Change is certainly gathering momentum with each passing day as the stunning elections victory seeps like dye into the entire fabric of our nation. Change brings with it its own challenges; those that don’t adapt will quickly become irrelevant.
Nowhere is the need to adapt to change more evident than in UMNO itself.
UMNO-BN is a broken party now – morally bankrupt, politically exhausted, without credibility, purpose or direction, and utterly bereft of the kind of leadership it will need to reinvent itself. The whole premise of its existence has been challenged and found wanting. Cut off from sources of easy money, the system of money politics that has long sustained the party will collapse. Without the prospect of immediate position, power and profit, how many will even remain in UMNO?
Two things must happen if UMNO is to successfully reinvent itself – it must find a new raison d’être [a reason to exist] and it must attract a new breed of leaders.
The manner in which race and religion once dominated our politics is changing. In time, it will hopefully be less of a determinant. Issues like good governance, justice, economic development and respect for the rights of citizens, on the other hand, will be more important. We are not there yet, of course, but we are heading in that direction.
UMNO can fall back on its failed racist agenda or it can take the high road and become a party that serves the interests of all Malaysians. Already, there is talk within UMNO of moving from a Malay to a Malaysian political party. It is left to be seen if the diehard racists within UMNO will allow this to happen. However, if it does succeed in overcoming its race-based DNA, it would be an inspiring moment, soemthing that would significantly alter the political landscape. Certainly, it would be more than we could have hoped for.
The other thing is leadership. To survive, UMNO must attract new and untainted leaders. There is surely no shortage of talented, well-educated and professional Malaysians out there who will rise to the challenge if given an opportunity. Just look at the PH team – they have such a bounty of highly educated men and women with the talent, passion and integrity to lead our nation forward. UMNO must find a way to similarly attract the brightest and best to fill its ranks.
The present leadership is too closely linked with the culture of corruption, racism and entitlement to be acceptable, at least at this time. They were happy to stand with Najib, even vociferously defending and praising him, despite all the evidence of wrongdoing. Half-hearted contrition now that their misdeeds are on public display just doesn’t carry much weight. They chose to stand on the wrong side of history and must now share Najib’s fate in defeat.
The very fact that they are once again contemplating a no-contest rule for the top three posts indicates how addicted they are to the old ways. Have they learned nothing from their recent debacle? What the party needs, especially now, is an open and transparent leadership contest not backroom deals that stifle it.

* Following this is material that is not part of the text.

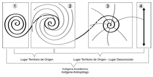 El resultado de la figura se puede leer: (1) Territorio de origen es el lugar donde se funda el pensamiento indígena, esa gestación se desplaza hacia (4) otro lugar desconocido que suponemos es donde reside lo no-propio. Durante el desplazamiento se producen dos lugares intermedios, así (2) es el lugar donde los jóvenes indígenas experimentan un primer abandono de su territorio, no obstante, siguen manteniendo los principios fundacionales de su cultura. Los que llegan al lugar intermedio, donde (3) son los indígenas que a pesar de mantener su identidad cultural chocan, se dejan consumir por lo extraño (lo lineal, cartesiano, estereotipos, la urbe, teorías), en caso contrario, al chocar, el indígena regresa a su territorio de origen al no poder afrontar tal choque; pero aquellos que logran sortear o nadar en esas aguas cartesianas y el mundo urbano, está en un constante ir y venir, de allí que la dualidad se flexibiliza o dejar de ser, pasa a un segundo plano y se vuelve diverso la condición del ser del indígena como antropólogo. El lector crítico de esta propuesta dirá, que no necesariamente el desplazamiento de allá para acá y de acá para allá del indígena generaría dichos efectos, sino que también las posturas radicales perduran tanto adentro como afuera del interior de los territorios de origen. Que en efecto, la gama de diversas posturas son interdependientes y no están ni afuera ni adentro sino en la forma de la lógica de un pensamiento en espiral y no segmentaría como podría ser leído la anterior figura.

If they can’t see that, UMNO is well and truly doomed.
In any case, if people like Zahid Hamidi, Khairy Jamaluddin and Hishammuddin Hussein want to convince the people that they are truly ready to lead a reformed UMNO, they can start by unilaterally declaring their assets.
A credible opposition
In the meantime, UMNO will be incapable of fulfilling its function as an effective counterweight to PH in Parliament. With zero credibility and zero integrity, how will they hold the PH government to account? How will they defend our democratic rights, for example, after having done so much to destroy it? How will UMNO help ensure that power does not corrupt the PH government when almost all of the present senior leadership are themselves suspect in the eyes of the public?
UMNO now owes it to the people of this great nation to quickly reinvent itself as a Malaysian party committed to national unity, good governance, and unselfish public service so they can take their rightful place as His Majesty’s loyal opposition in Parliament. Malaysians won’t accept anything less from them.

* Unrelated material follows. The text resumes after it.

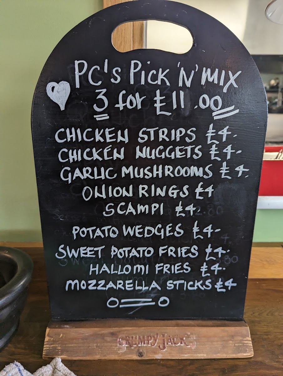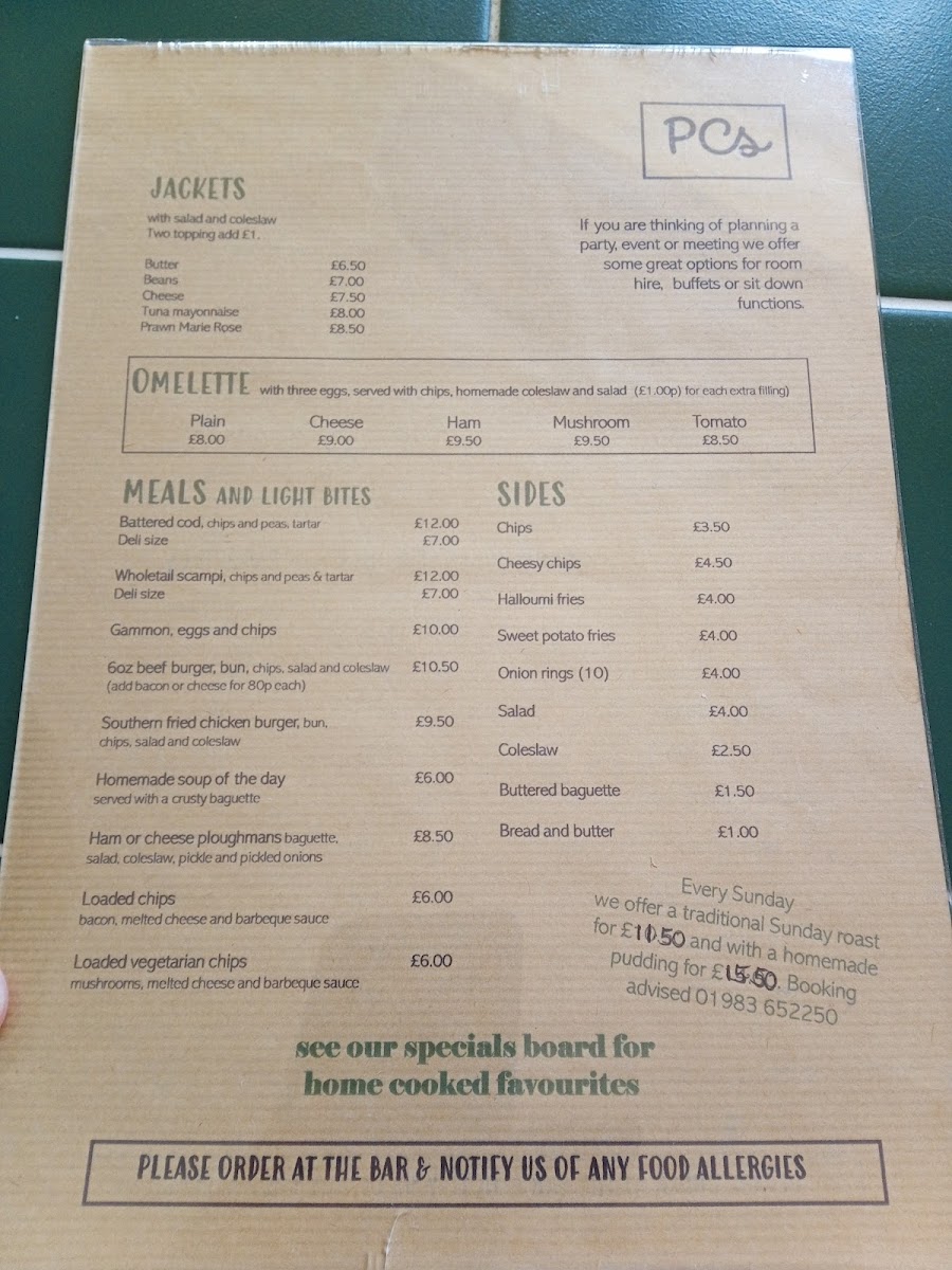Welcome to PC's Cafe and Licensed Bar, a hidden gem nestled in the IOW Pet Centre on Watergate Rd, Newport. This cozy cafe offers a delightful menu featuring hearty options that cater to all tastes. Enjoy a comforting jacket potato with toppings like creamy cheese or zesty tuna mayonnaise, both priced at just £6.50. Complement your meal with sides such as crispy chips, halloumi fries, or a fresh salad for just £1.00.

I, for one, having spent the better part of ten years criticizing and taking UMNO-BN to task, now hope they’ll succeed because, like it or not, they are a necessary part of our march towards a better, more democratic state.
It is often said that democracy is a work in progress; let both victor and vanquished now rededicate themselves to realizing the vision of that “sovereign democratic and independent state founded upon the principles of liberty and justice and ever seeking the welfare and happiness of its people…” which Tengku Abdul Rahman first laid before the nation in 1957.